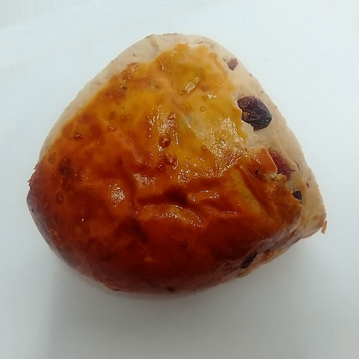 甘酸っぱいドライクランベリーとマイルドで食感の良いピーカンナッツを生地に混ぜ込みました。シナモンの風味をきかせたブリオッシュタイプのソフトな食感です。スライスして食べるのがオススメです。お求めやすい1/4サイズにカットしました。
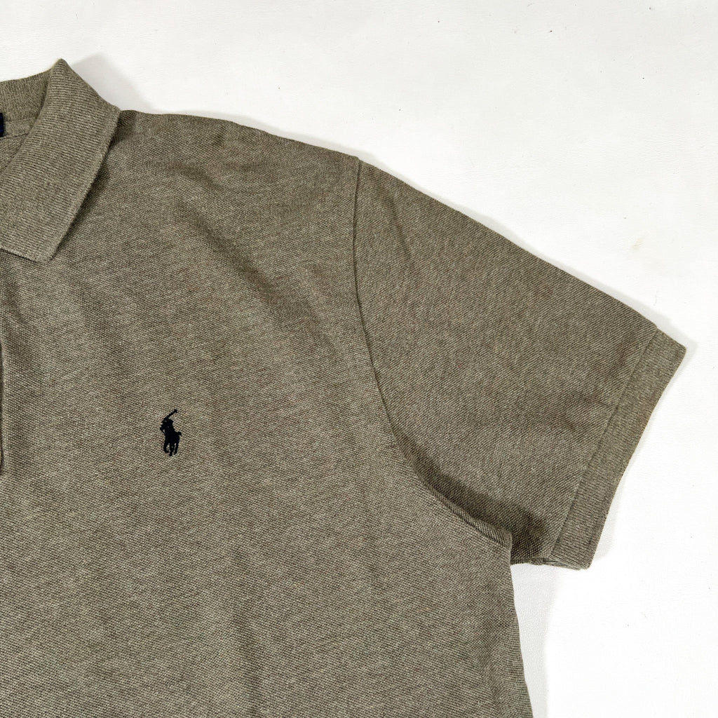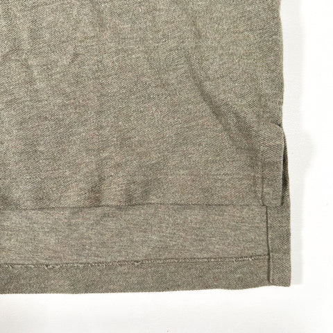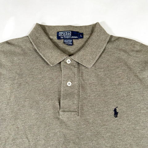 Classic 1990s Polo by Ralph Lauren short sleeve polo in a heather gray tone, made in the Northern Mariana Islands, USA from soft 100% cotton piqué fabric. Features the signature navy Polo pony embroidery on the chest, two-button placket, ribbed collar, and side vents at the hem.
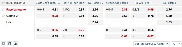 Bảng tỷ lệ kèo bóng đá Rayo Vallecano vs Getafe

·····

The expected answer is an unaltered copy of the listing, images removed.

 甘酸っぱいドライクランベリーとマイルドで食感の良いピーカンナッツを生地に混ぜ込みました。シナモンの風味をきかせたブリオッシュタイプのソフトな食感です。スライスして食べるのがオススメです。お求めやすい1/4サイズにカットしました。
 Classic 1990s Polo by Ralph Lauren short sleeve polo in a heather gray tone, made in the Northern Mariana Islands, USA from soft 100% cotton piqué fabric. Features the signature navy Polo pony embroidery on the chest, two-button placket, ribbed collar, and side vents at the hem.
 Bảng tỷ lệ kèo bóng đá Rayo Vallecano vs Getafe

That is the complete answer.